La segunda temporada de la serie de Disney+ consigue captar la esencia de la trilogía original y abrirla a nuevos horizontes narrativos
“The Mandalorian” se ha convertido ya en un icono televisivo de nuestro tiempo gracias a que funciona a dos niveles. Uno, seguramente el más importante, es que se trataría de una serie excelente aunque no formara parte del imaginario de “Star Wars”. Sí, está llena de guiños a la saga y algunas de sus tramas cobran sentido por su pertenencia a un universo en expansión, pero puede ser vista sin estar iniciado en la materia e igualmente disfrutar de su vocación de western galáctico lleno de hallazgos visuales y rodado con una contagiosa atención al detalle. El otro nivel es que, efectivamente, es una serie de “Star Wars”, y no solo esto, sino que es “Star Wars” en su máxima expresión, con el valor añadido de que sabe captar la esencia de la trilogía original y hacerla evolucionar hacia nuevos y alentadores frentes narrativos. Y aún se puede decir más: la marca “Star Wars” ya no podrá ser analizada sin tener en cuenta las espléndidas aportaciones de “The Mandalorian”, que con toda seguridad será el molde que tomarán como ejemplo las futuras producciones de la saga.
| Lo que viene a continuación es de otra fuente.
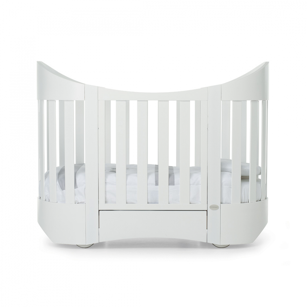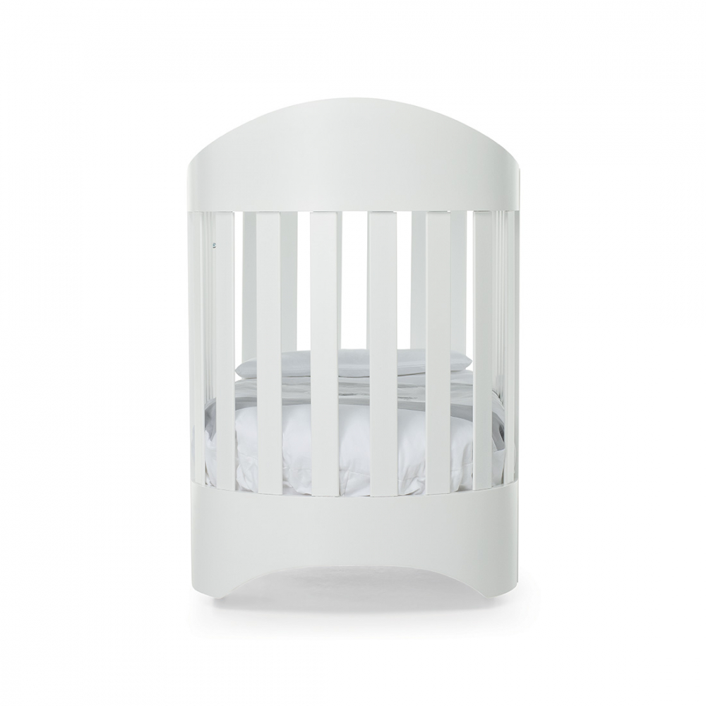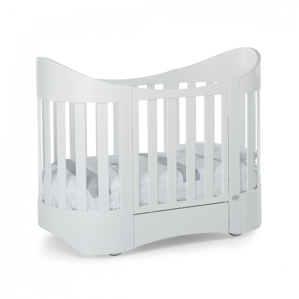 Il lettino ovale in legno Armony di Foppapedretti ha una sponda regolabile a due altezze, per facilitare il riordino del lettino.

La segunda temporada es, en este sentido, un apasionante viaje hacia este universo de posibilidades. Es capaz de pasar de los aires de “Raíces profundas” a los de “Temblores” con una prodigiosa armonía formal, y pasa de una escena íntima llena de humor y ternura a una espectacular y llena de arácnidos monstruosos sin romper las reglas del juego. En la segunda entrega (que, significativamente, enumera los episodios a partir de la cuenta iniciada en la primera temporada) la gran novedad es cómo lleva aún más lejos su conjugación entre personalidad propia y heredada. Continúa siendo la “The Mandalorian” que hace resonar “Star Wars” en su acepción más clásica, reivindicando viejos secundarios de la saga y homenajeando a los fans de las series de animación. Pero al mismo tiempo, con su hábil introducción de nuevos personajes, se erige en la perfecta síntesis de aquel género fantástico que hace de la convivencia entre géneros su principal rasgo de identidad. Una vez más, uno de los aspectos más conseguidos de la historia es la relación entre el mercenario del título y el Baby Yoda: conscientes de que el efecto sorpresa y el tono iniciático ya han perdido terreno, la convierten en una muy emotiva sinfonía de complicidades y absurdos cotidianos que incitan a la sonrisa cada vez que se producen.

Con la excepción de la maravillosa “Rogue One” y la injustamente infravalorada “Han Solo”, uno de los problemas fundamentales de las nuevas formulaciones de “Star Wars” es esta tensión permanente entre evocar el pasado y pensar el futuro. “The Mandalorian” demuestra que no hay que depender en exceso del pasado para hacer un producto proyectado hacia el futuro. Es una serie capaz de hacer episodios casi sin diálogo, de exprimir un personaje que no se quita el casco y de recordarnos por qué “Star Wars” es clave para entender el amor por la narrativa audiovisual. El mérito es compartido entre el creador de la serie, Jon Favreau, su magnífica nómina de directores, un reparto que lo da todo por la causa (atención a las apariciones, a menudo breves pero intensas, de rostros populares a lo largo de la segunda temporada) y el gran trabajo del compositor Ludwig Göransson, que renueva el lenguaje musical de la saga sin perder de vista las lecciones de sus antecesores.